その年の夏休み、Aさんが急にうちに電話をかけてこられてたことがあった。http://www.enpitu.ne.jp/usr5/bin/day?id=56450&pg=20040720 夏休みに学校で開かれる夏期講習。 いくつかある講座の中から好みの講座を自由に選択して受けるのだが、Aさんちでは子どもが自分の受ける講座のスケジュールを良く聞いてこなかった。翌日何の講座を受けるのかわからないので、もしかして役員なら知っているかと思って問い合わせの電話をかけて来られたのだ。 あいにく私はそのとき、講座の参加者のリストまでは持っていなくて、お役には立てなかった。 学校もしまっている時間で、他に問い合わせる手段もなくて、 「しょうがないから、とりあえず明日は申し込んだ可能性のある講座3つともの準備をして行かせたら?」といったのだが、Aさんは「それでは子どもの荷物が多すぎて、かわいそう」と困っておられた。 ああ、あのAさんだったのか。
そうかそうか。 翌日の講習の予定が判らなくて困っていたあの子が、何でもきちんとやらないと気がすまない几帳面な子どもに成長したのね。 Aさん、それはあなたの教育の賜物じゃないの。 いい子に育ってよかったね。 ・・・と、口から出そうになって、やっとの事で踏みとどまった。
Aさんの悩みに対して、K先生は「学校ではそれなりに楽しそうにしてますよ。おうちに帰ってホッとして「くたびれた〜」というのはどの子も同じ。それでちゃんとバランスが取れているなら、それでいいんじゃないですか」というもっともなお答え。 Aさんはまだまだちょっと言い足りない顔をしていたけれど、別の話題に流れていってこの話はそのままになった。

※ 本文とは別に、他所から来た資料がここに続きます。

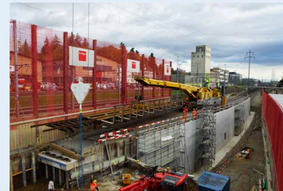
Arbeiten an der neuen Bahnunterführung – Einschub einer Hilfsbrücke

Bitte informieren Sie sich auf www.sbb.ch und www.bls.ch/verkehr .
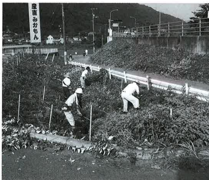
除草ボランティアの活動

体が存在しており、その活動には常々感謝しています。町としても合併後5年を迎えるということ、旧町以来最低5年以上の活動継続に対し、感謝状の贈呈も考えていたところ、昨年は、三三大橋の清掃活動をしている方に対して多方面から質問
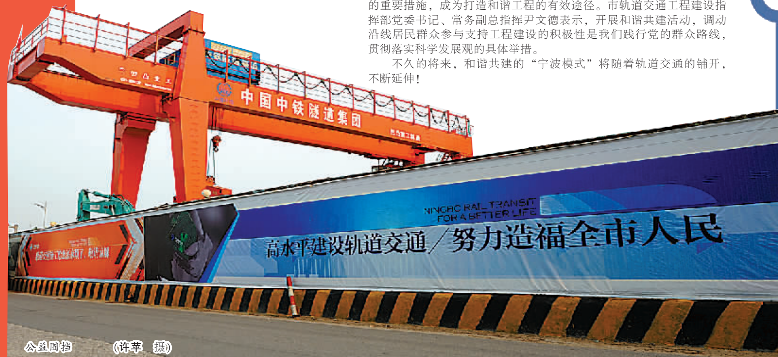
公益围挡

子どもというのは存外、親が「こうあって欲しい」と望んだ道筋どおりに成長していこうとするものなのかもしれない。良かれ悪しかれ、子どもは親が育てたように育つ。 「うっかりさんでは困る。なんでもきちんとできる子に育って欲しい。」 そう思って育てた子が、なんでもきっちりやらないと気がすまない几帳面な子に育った。 けれども、今度は「もうちょっと気を抜いていければいいのに」と母は言う。 どちらも子どものために良かれと思って口にする悩みだけれど、いちいちそれに応えて行く子どものほうも大変だなぁ。
親が子どもに望むことは、時には親自身の「こうありたい自分」「こうありたかった自分」の投影であったりもする。 そのことに気づかぬまま、子どもらに身に合わぬ晴れ着をとっかえひっかえ着せてしまう親のエゴを私は笑えない。 せめて子どもらに、気に入らない親からのお仕着せを払いのける気概が育っていてくれることを祈るばかり。